December 21, 2024
Sports Column

Newly opened Cabela’s store in Scarborough worth the trip

New Cabela’s worth the trip For sporting shoppers, browsersDuring the month of November, outdoor enthusiasts in these parts are likely to hear one question, over and over, from fellow members of the blaze-orange fraternity.

“Get your deer yet?” other hunters will ask.

This spring, another question has become equally popular, and everyplace I’ve gone in the last three days, I’ve heard a variation of it.

“Have you been to Cabela’s yet?”

My answer is “Yes.”

Cabela’s opened its first Maine store last week in Scarborough, and I got the chance Sunday to check out the 125,000-square-foot store for myself.

I was impressed, and I imagine most visitors were.

Here then, are a few reflections on my own two-hour tour:

. Cabela’s is not just a store. Not even close. On Sunday, many people were seriously shopping.

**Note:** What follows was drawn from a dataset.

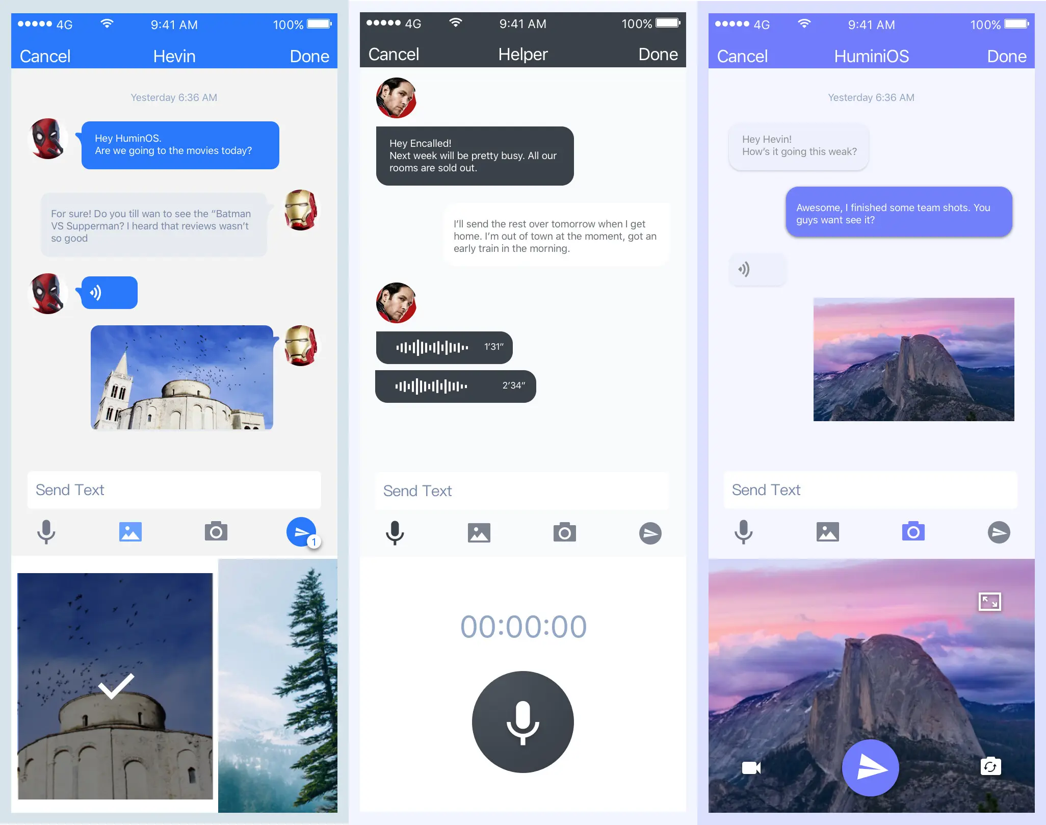 消息列表支持多种常见的消息类型:文字、图片、语音、视频。
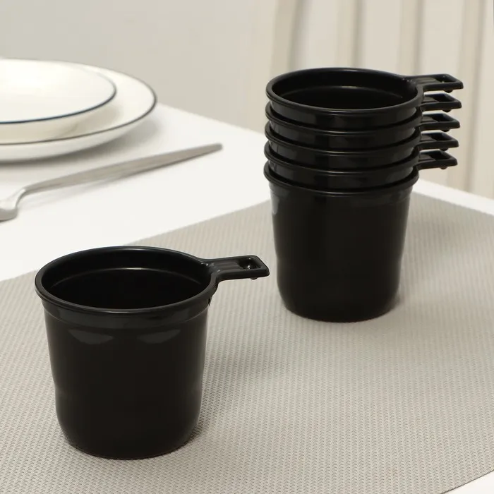 Чашки кофейные пластиковые одноразовые Не ЗАБЫЛИ! «Взбодрись», 200 мл, в наборе 6 шт, чёрные и коричневые с белым

Many others, like me, were just browsing and checking the place out.

Each group found what they were looking for.

For me, the highlights were the displays of game mounts – everything from a musk ox to a Cape buffalo to a black squirrel – and the massive aquarium, where pickerel, bass and trout swam past as dozens of visitors stood and stared.

. Even adults can be kids. I know. Many of us don’t need much of an excuse to revert to our childish ways. Cabela’s gives you the opportunity, and makes it fun.

A shooting range was mostly enjoyed by kids, but adults also took a few shots. And in several bins, inexpensive popguns were available for sale … and sampling.

One thing I quickly learned: When you hear a popgun war break out at Cabela’s, chances are the kids aren’t to blame. Adults got as much of a kick out of the guns as the kids did.

. Ever hear of Roxanne Quimby? One surprise was a sizeable display of Burt’s Bees products.

That company, you may recall, was once owned by Roxanne Quimby, who sold her share of the company and bought thousands of acres of Maine woodland. Many Maine hunters and anglers still associate the company with its co-founder.

Quimby doesn’t care for hunting, and access to much of that land isn’t as easy as it once was.

I heard several customers grumble about the display, proving that the grudge some Mainers feel toward Quimby still runs deep … whether she still owns the company or not.

. It’s big … but not that big. One veteran Cabela’s customer told me this store was a “baby” compared to some of the company’s larger stores across the country.

That may be true, but I found the store plenty big for a shopping expedition.

One piece of proof: One member of my party exited the store after our allotted time and was a bit disappointed.

“I wish they’d had an aquarium,” he said.

They did, of course. He just didn’t end up finding it, even after two hours of perusing the aisles.

Worcester cashes in again

On Tuesday I told you about local angler David Worcester, who caught his first Penobscot River Atlantic salmon in 10 years (the river has been closed to spring salmon angling since 1999) on Monday morning.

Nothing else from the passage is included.